# Merlin's NEW Omega Pro-Release



## MAX2000 (May 28, 2002)

WOW 
take a look at Merlin's new releases.
What do you think? 
4 way adjustable trigger, 
closed jaw suitable for either D-Loop or conventional rope release
Ergonomic, contoured shape 
6082 aluminium casing, CNC machined and anodised
3 or 4 finger options
Internal parts CNC machined from 440 Stainless steel and hardened to 50 Rockwell


----------



## Wheeler (Nov 5, 2002)

Boy, now THATS an original design!!!


----------



## WEATHERBY460 (Dec 24, 2002)

why dont alot of companies apply a rotating head like truballs, or does this convential design not induce torque? i prefer to use these releases with a string loop, can it still be done, and still not induce torque?


----------



## clever_guy (May 21, 2002)

Hmmm...looks kind of like a Carter BK...

-CG


----------



## Shirt (Aug 31, 2002)

4-way adjustable trigger. 

Does this mean that the pad/bit of metal you put your thumb on moves around the screw that holds it to the release, or is there something clever here?

(Speaking of Clever, C_G - why the avatar change?)


----------



## clever_guy (May 21, 2002)

Shirt;

Felt like a change, trying "the bag" for a few days...



-CG


----------



## 3dsteve (Jun 12, 2002)

looks like a carter to me


----------



## clever_guy (May 21, 2002)

3dsteve;

Down to the cocking hammer...

Mind you we can't see what is inside.

-CG


----------



## archerynut02 (Jul 28, 2002)

now post a pic of the (max 3000) ,,,,,,,,,,,,,,,,,,,,,,,,,,,,,,,,,,,,,,,,,,,,,,,,,,,,,,,,,,,,,,,,,,,,,,,,,,,,,,,,,,,,,,,,,,,,,,,,,,,,,,,,,,,,,,,,,,,,,,,,,,,,,,,,,,,,,,,,,,,,,,,,,,,,,,,,,,,,,,,,,,,,,,,,,,,,,,,,,,,,,,,,,,,,,,,,,,,,,,,,,,,,,,,,,,,,,,,,,,,,,,,,,,,,,,,,,,,,,,,,,,,,,,,,,,,,,,,,,,,,,,,,,,,,,,,,,,,,,,,,,,,,,,,,,,,,,,,,,,,,,,,,,,,,,,,,,,,,,,,,,,,,,,,,,,,,,,,,,,,,,,,,,,,,,,,,,,,,,,,,,,,,,,,,,,,,,,,,,,,,,,,,,,,,,,,,,,,,,,,,,,,,,,,,,,,,,,,,,,,,,,,,,,,,,,,,,,,,,,,,,,,,,,,,,,,,,,,,,,,,,,,,,,,,,,,,,,,,,,,,,,,,,,,,,,,,,,,,,,,,,,,,,,,,,,,,,,,,


----------



## francis (Jan 18, 2003)

whetherby460

I have the same question, but have not really had much of a good response before.
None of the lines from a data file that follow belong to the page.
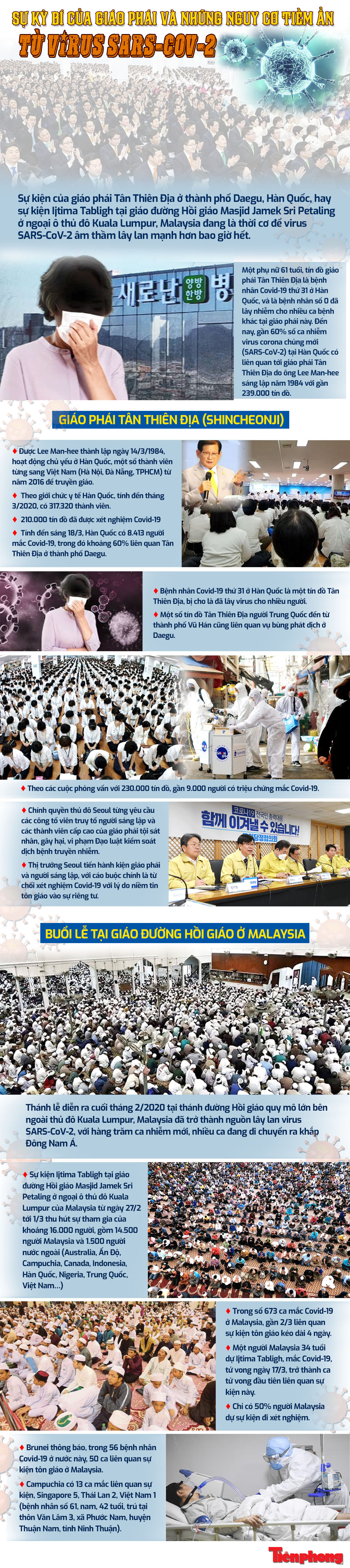 TPO - Sự kiện tôn giáo của giáo phái Tân Thiên Địa ở thành phố Daegu, Hàn Quốc, hay sự kiện Ijtima Tabligh tại giáo đường Hồi giáo Masjid Jamek Sri Petaling ở ngoại ô thủ đô Kuala Lumpur, Malaysia đang là thời cơ để virus SARS-CoV-2 âm thầm lây lan nguy hiểm hơn bao giờ hết.
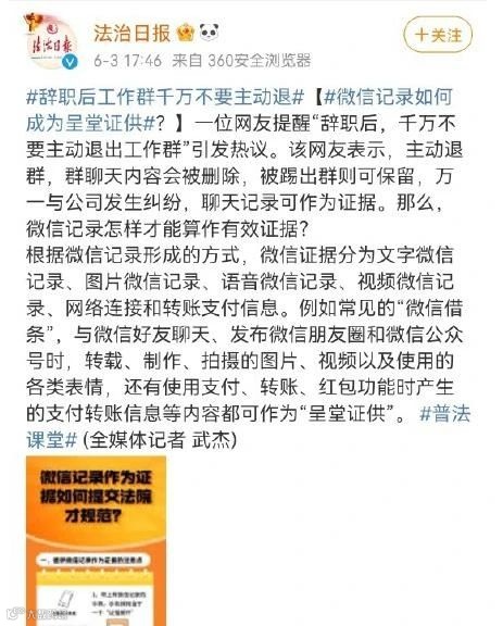 如果一家公司的工作氛围压抑,员工关系紧张,领导结果至上,利益最大,那这家公司大概率会出问题,而且会找员工的问题,那么微信群消息很可能是对自己有利的证据。
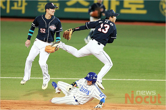 1일 오후 대구 시민야구장에서 열린 프로야구 한국시리즈 7차전 삼성과 두산의 경기 2회말 삼성 배영섭의 땅볼에 두산 유격수 손시헌이 1루주자 정병곤을 포스아웃 시킨 후 1루로 공을 던지고 있다.

maybe nobody has a clue-seems nobody is interested or concerned about releases likes these having a rotating head????

yet I bet no one would ever hook up to a string loop with a caliper style release that didnt rotate????wheres the difference in logic here?
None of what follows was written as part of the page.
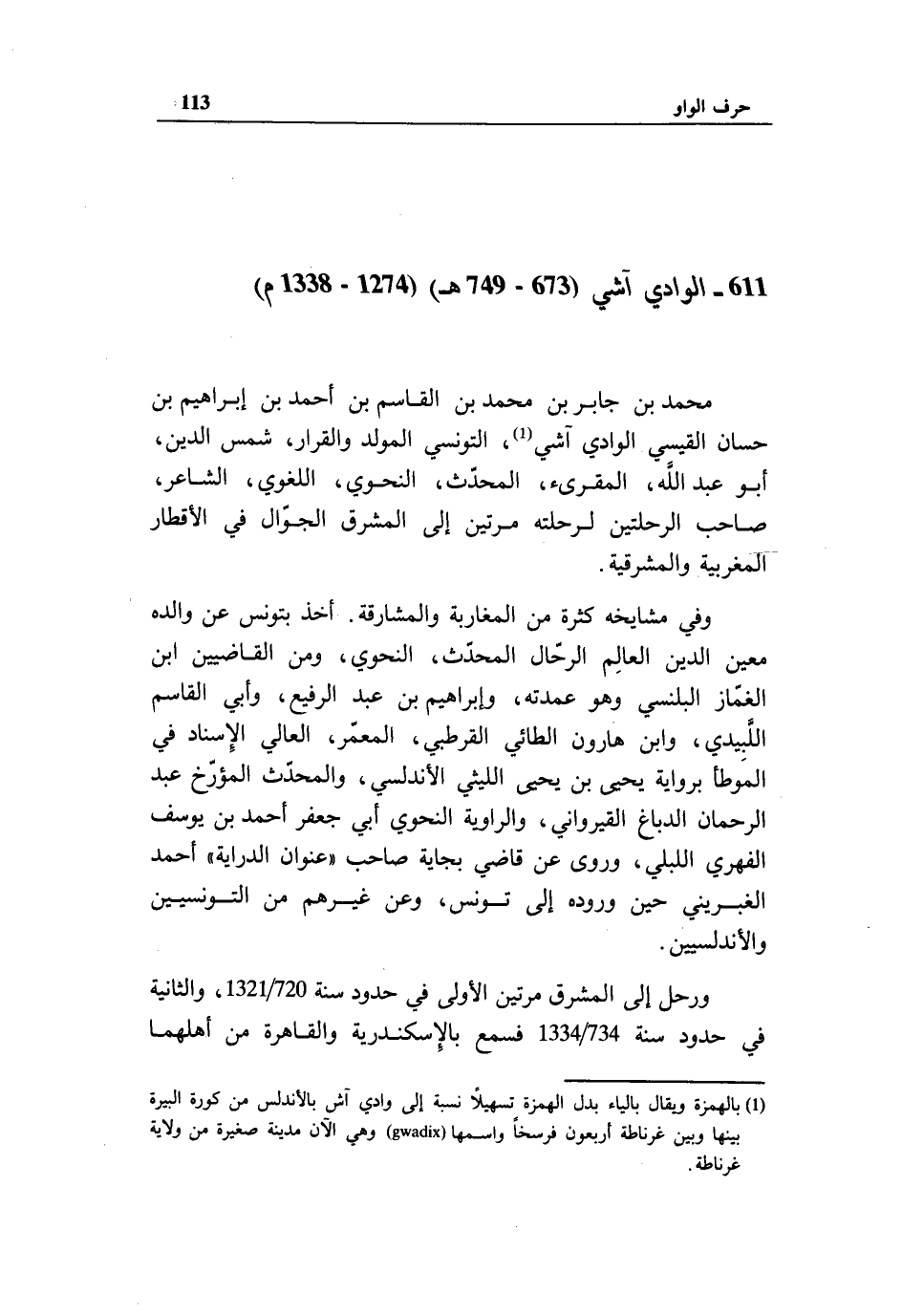 611 - الوادي آشي (673 - 749 هـ) (1274 - 1338 م)

I think truball has a good thing, and I bet therest will flow with time

just my opinion.


----------



## MerlinApexDylan (Oct 14, 2002)

I dunno, I just looked over the complete carter line up. Not one of the releases looked like that, except maybe one of the back tension jobs. I sometimes wonder why people are always comparing one thing to another? Is it a comfort level, or what? What if that release looked nothing like you've ever seen before? Would you still try it out? Tru-ball has great releases, but not everyone shoots a truball, not everyone shoots a scott and they make really good releases also, and not everyone shoots a carter. I am not a fan of the hand held releases, but I do know when there is a difference and slight variances in style. I myself shoot a truball Tornado when I'm shooting compound. When I was making a comment on the similarities of the AR bows to other such archery equipment, and how I found it to not be very innovative and lacking in style, I found it funny how people were on to me about the smaller innovations counting for something. Perhaps this release isn't showing it's true offering from a photo. Who knows? Good shooting. 
Dylan


----------



## clever_guy (May 21, 2002)

MerlinApexDylan;

I don't what Carter site you are looking at, but the simularities with a Target 3, or Target 4 is quite obvious. From the chassis design, to the thumb trigger placement, to the cocking lever, to the rope hookup.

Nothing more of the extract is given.